Let’s go over hedge fund activity in other stocks – not necessarily in the same industry as NeoGenomics, Inc. (NASDAQ:NEO) but similarly valued. These stocks are Virgin Galactic Holdings, Inc. (NYSE:SPCE), Hess Midstream LP (NYSE:HESM), Immunomedics, Inc. (NASDAQ:IMMU), and Pinnacle Financial Partners, Inc. (NASDAQ:PNFP). All of these stocks’ market caps are similar to NEO’s market cap.
|Ticker||No of HFs with positions||Total Value of HF Positions (x1000)||Change in HF Position|
View table here if you experience formatting issues.

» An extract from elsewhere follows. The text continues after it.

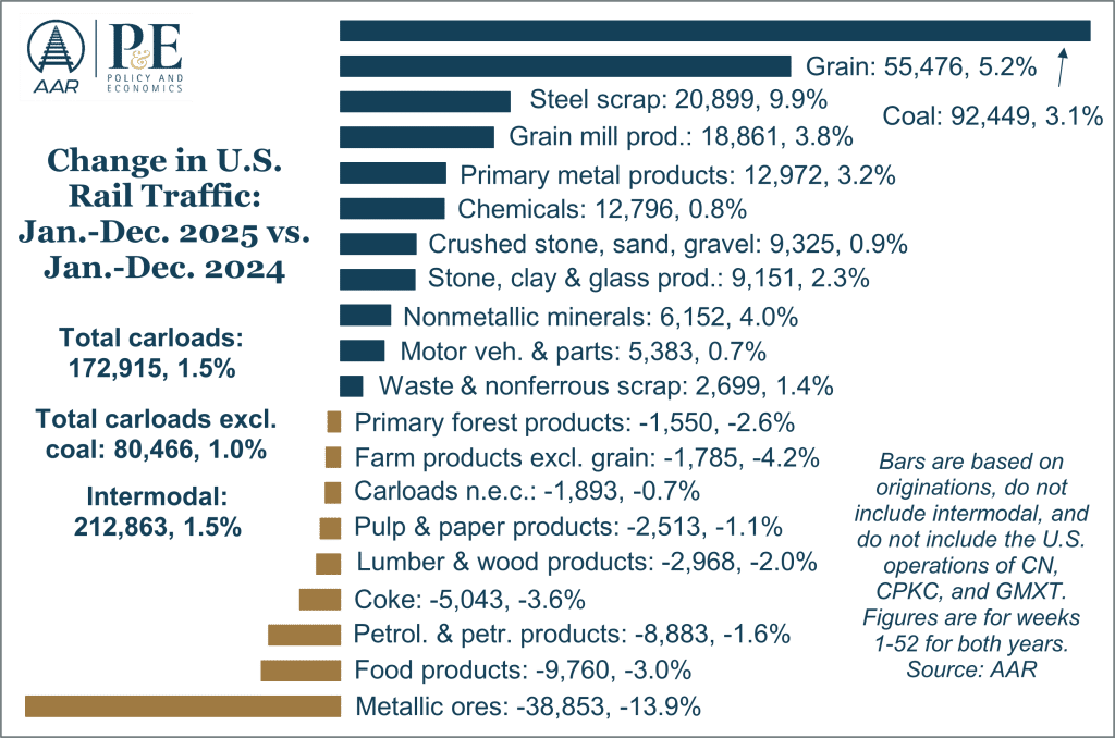 U.S. carloads of grain were up 2.9% in December 2025 over December 2024, their 10th year-over-year increase in 2025 and their 21st in the 24 months since January 2024. For the full year 2025, U.S. grain carloads totaled 1.12 million, up 5.2% (more than 55,000 carloads) over 2024 and the most since 2021. U.S. grain carloads were higher in 2025 mainly because U.S. grain exports were higher. If grain exports rise in 2026, grain carloads will probably rise too; if grain exports fall, there’s a good chance rail carloads of grain will fall as well. In 2025, grain accounted for 9.8% of U.S. non-intermodal rail volume, close to a record high.

As you can see these stocks had an average of 14.25 hedge funds with bullish positions and the average amount invested in these stocks was $199 million. That figure was $51 million in NEO’s case. Immunomedics, Inc. (NASDAQ:IMMU) is the most popular stock in this table. On the other hand Hess Midstream LP (NYSE:HESM) is the least popular one with only 5 bullish hedge fund positions. NeoGenomics, Inc. (NASDAQ:NEO) is not the least popular stock in this group but hedge fund interest is still below average. This is a slightly negative signal and we’d rather spend our time researching stocks that hedge funds are piling on. Our calculations showed that top 10 most popular stocks among hedge funds returned 41.4% in 2019 and outperformed the S&P 500 ETF (SPY) by 10.1 percentage points. These stocks gained 12.3% in 2020 through June 30th and surpassed the market by 15.5 percentage points. Unfortunately NEO wasn’t nearly as popular as these 10 stocks (hedge fund sentiment was quite bearish); NEO investors were disappointed as the stock returned 12.2% during the second quarter and underperformed the market. If you are interested in investing in large cap stocks with huge upside potential, you should check out the top 10 most popular stocks among hedge funds as most of these stocks already outperformed the market in 2020.